So ein Flammkuchenschlachtfest, wie am col du pigeonnier, wäre nicht schlecht nach der Tour


----------



## matou (26. April 2008)

> ja, wie wäre es um 9:20 uhr kreutzung etzenroter steige - albtal radweg.
> also dort nähe der fußgänger-ampel in neurot ist.



Alles klar, dann bis Morgen.

Gruss René


----------



## caro3401 (26. April 2008)

Ok...
also Lembach Tour, cd 45km, ungeahnte Höhenmeter, dafür mit Abschleppseil 

oder Mahlberg, ca 600hm, unbekannte Kilometer...seh ich das richtig?

Irgendwie schätze ich jetzt Lembach als "harmloser" ein.

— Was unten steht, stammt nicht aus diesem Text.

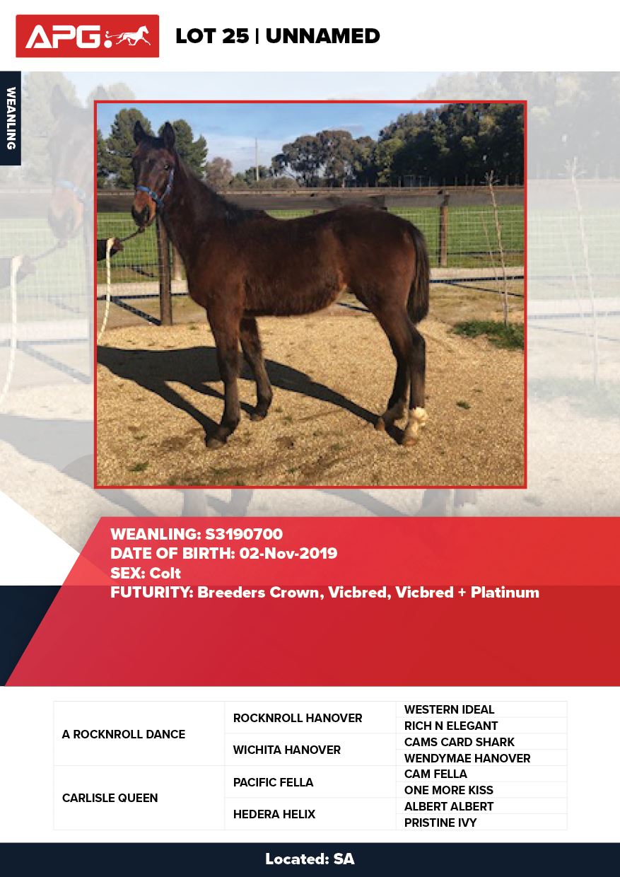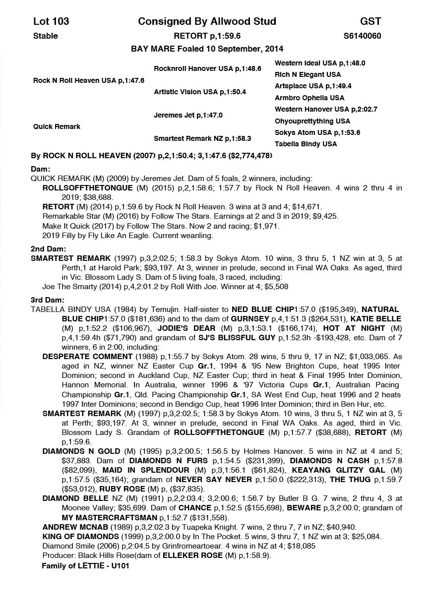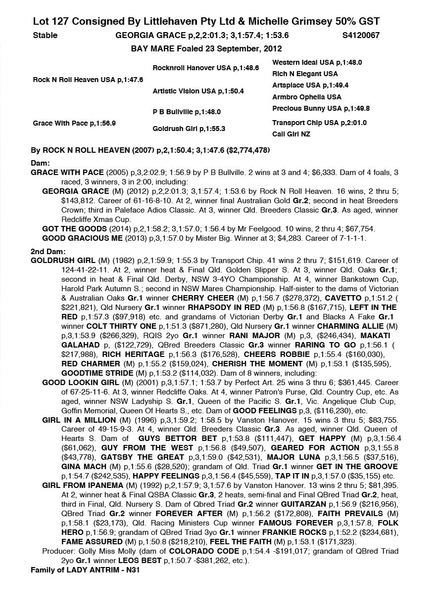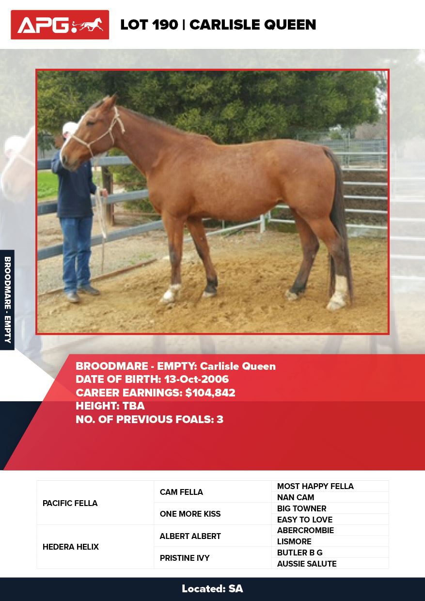 | Mare | Carlisle Queen | Pacific Fella USA | Hedera Helix | George Smith | SA | R Talent | $600 |

Kann das mal jemand bestätigen oder widersprechen?????

Eigentlich wollte ich an dem Tag ned allzuspät zurück sein, weil ich auch noch was vorhab.

Ich wohne in der SW Stadt, d.h.  ich kann zu beiden Startpunkten radln...


----------



## DIRK SAYS (26. April 2008)

Ich geb Dir vom Niveau her dahingehend recht, dass der Pussy-Faktor der Teilnehmer für die Mahlbergrunde geringer ist.  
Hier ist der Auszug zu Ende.